Start of Block

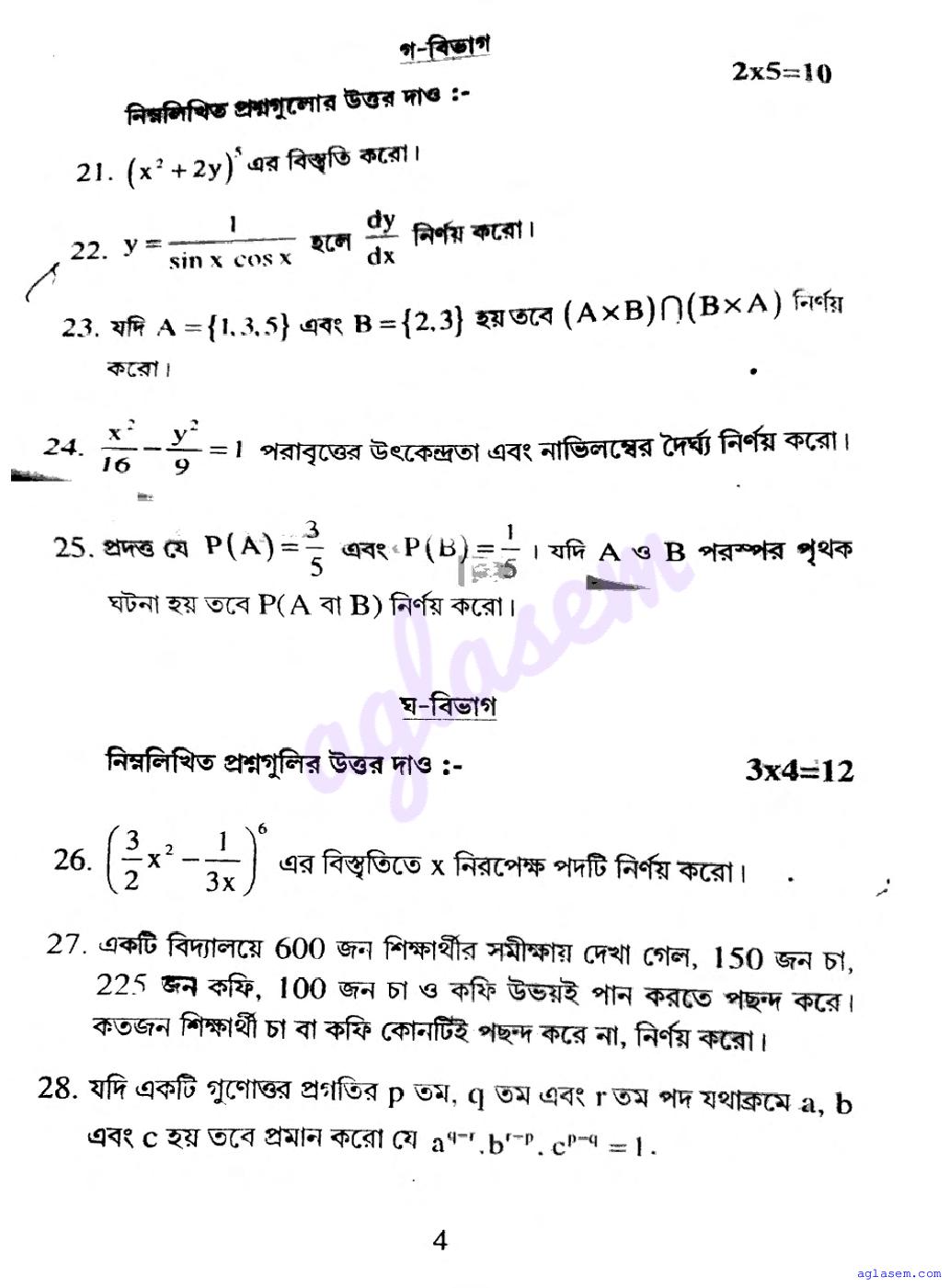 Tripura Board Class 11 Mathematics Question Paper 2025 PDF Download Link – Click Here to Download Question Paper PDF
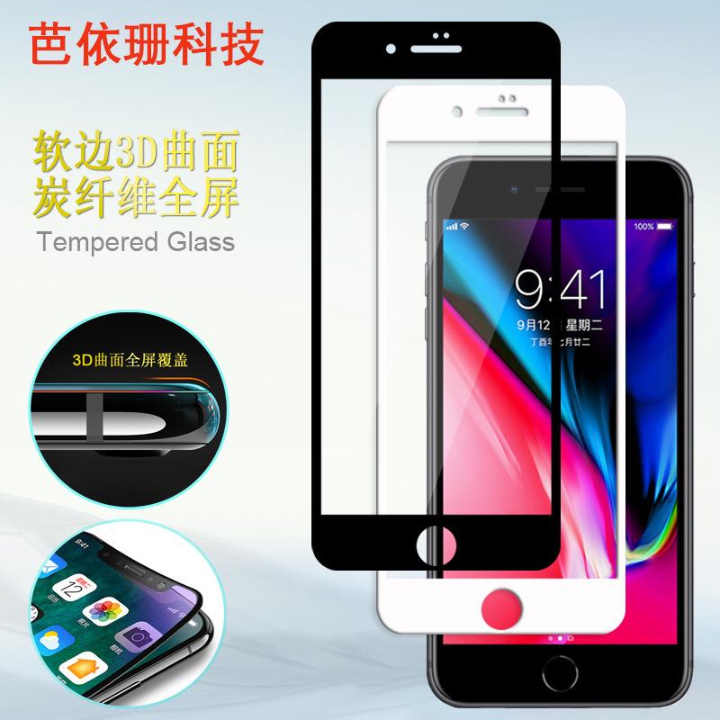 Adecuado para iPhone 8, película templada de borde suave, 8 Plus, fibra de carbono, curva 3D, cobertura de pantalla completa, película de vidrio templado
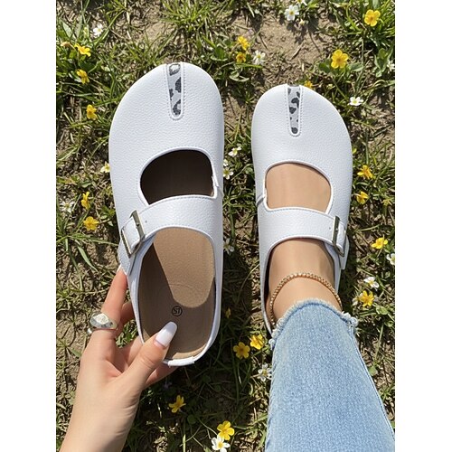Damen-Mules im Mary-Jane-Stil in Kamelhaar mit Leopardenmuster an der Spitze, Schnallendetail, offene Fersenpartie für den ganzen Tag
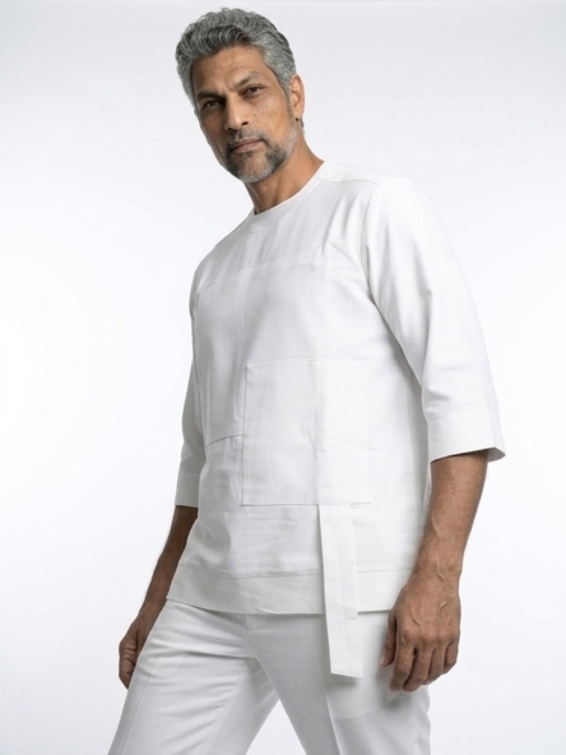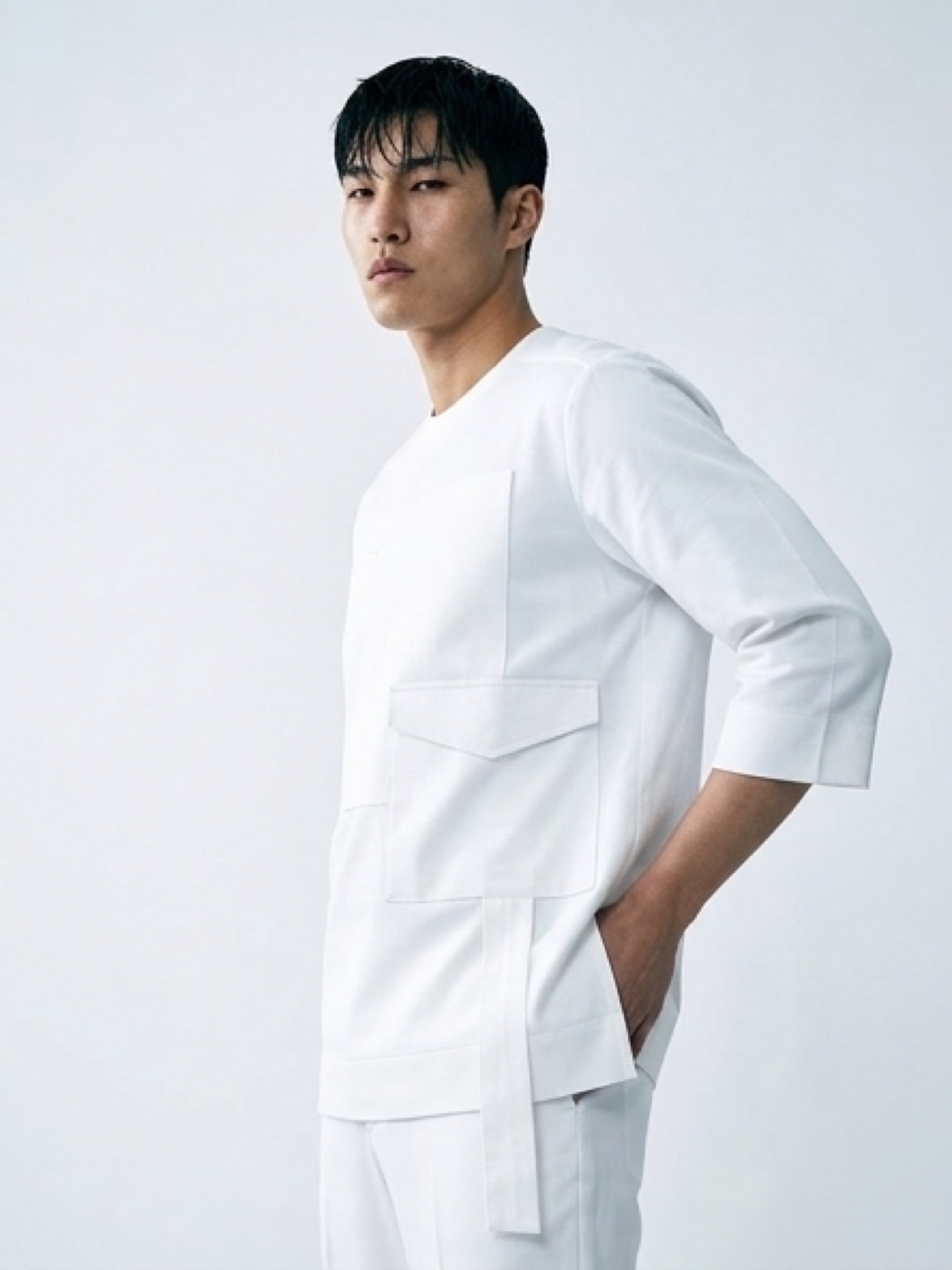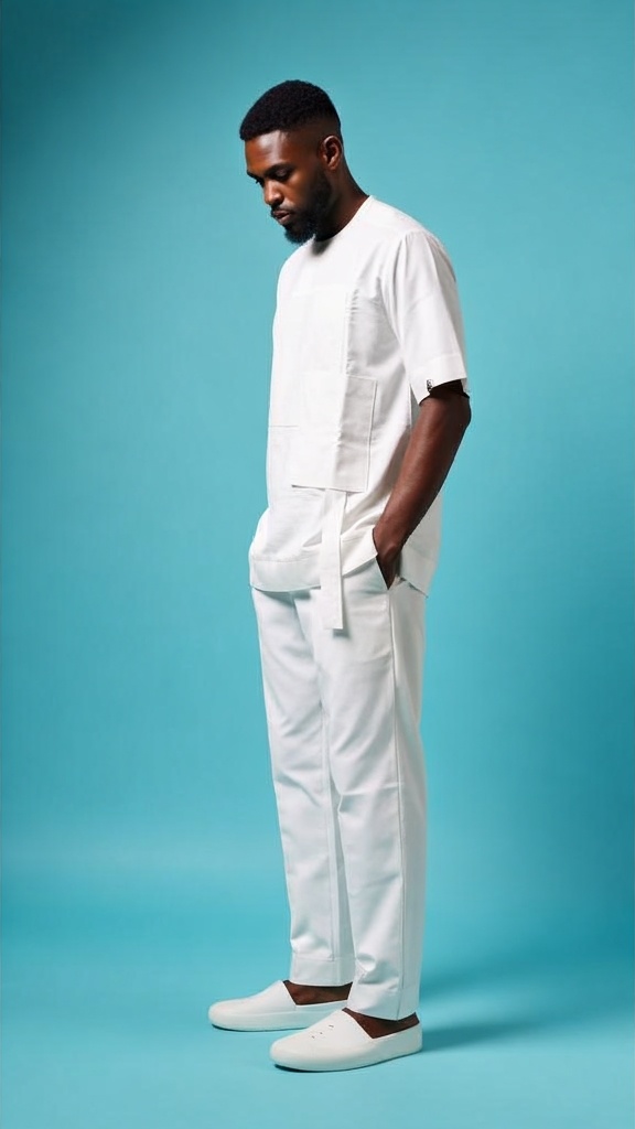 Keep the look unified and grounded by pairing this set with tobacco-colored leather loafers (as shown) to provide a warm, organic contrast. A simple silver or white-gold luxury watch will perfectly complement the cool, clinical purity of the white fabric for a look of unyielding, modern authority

End of Block
Start of Block

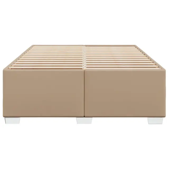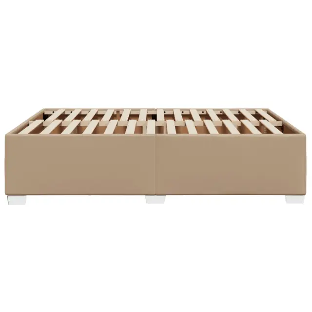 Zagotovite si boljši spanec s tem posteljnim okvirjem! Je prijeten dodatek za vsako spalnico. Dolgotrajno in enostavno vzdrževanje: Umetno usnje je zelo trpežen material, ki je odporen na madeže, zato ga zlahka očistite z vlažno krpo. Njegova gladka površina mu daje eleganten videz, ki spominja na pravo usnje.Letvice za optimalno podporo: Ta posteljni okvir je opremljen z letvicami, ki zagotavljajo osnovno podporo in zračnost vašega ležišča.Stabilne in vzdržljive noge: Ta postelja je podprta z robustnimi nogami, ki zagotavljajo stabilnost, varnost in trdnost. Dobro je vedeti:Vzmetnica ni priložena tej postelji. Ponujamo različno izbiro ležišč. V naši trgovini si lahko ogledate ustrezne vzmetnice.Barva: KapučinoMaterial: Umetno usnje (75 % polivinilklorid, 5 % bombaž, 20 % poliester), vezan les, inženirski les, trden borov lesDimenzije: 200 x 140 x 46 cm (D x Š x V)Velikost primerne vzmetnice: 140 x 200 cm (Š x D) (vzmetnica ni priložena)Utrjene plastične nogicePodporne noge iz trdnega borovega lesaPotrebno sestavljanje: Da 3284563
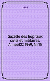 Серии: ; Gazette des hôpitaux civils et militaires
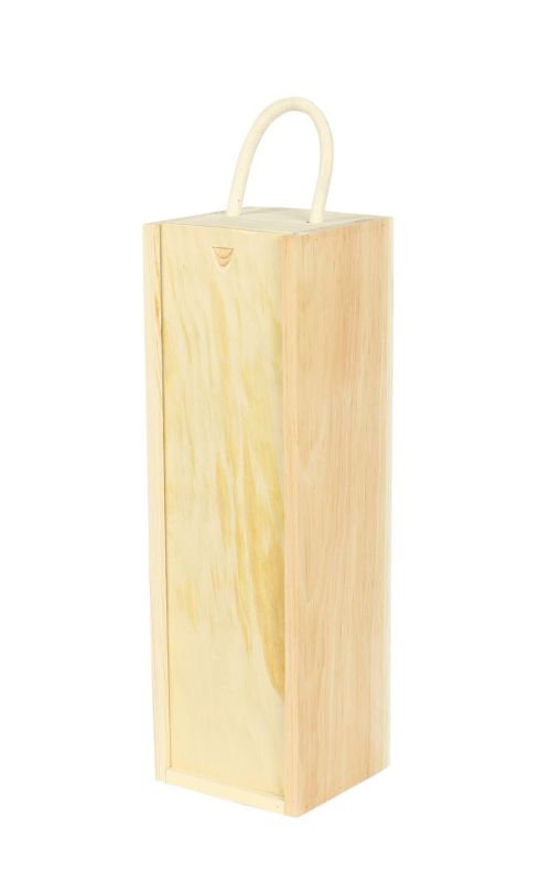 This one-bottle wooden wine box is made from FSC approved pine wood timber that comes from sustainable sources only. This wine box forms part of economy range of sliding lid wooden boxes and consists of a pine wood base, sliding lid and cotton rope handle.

End of Block

(EXERCISE DETAILS) Reproduce the data above exactly, but only from the line containing "Tripura Board Class" through the line containing "Damen-Mules im Mary-Jane-Stil"; skip the pictures.

(SOLUTION)
 Tripura Board Class 11 Mathematics Question Paper 2025 PDF Download Link – Click Here to Download Question Paper PDF
 Adecuado para iPhone 8, película templada de borde suave, 8 Plus, fibra de carbono, curva 3D, cobertura de pantalla completa, película de vidrio templado
Damen-Mules im Mary-Jane-Stil in Kamelhaar mit Leopardenmuster an der Spitze, Schnallendetail, offene Fersenpartie für den ganzen Tag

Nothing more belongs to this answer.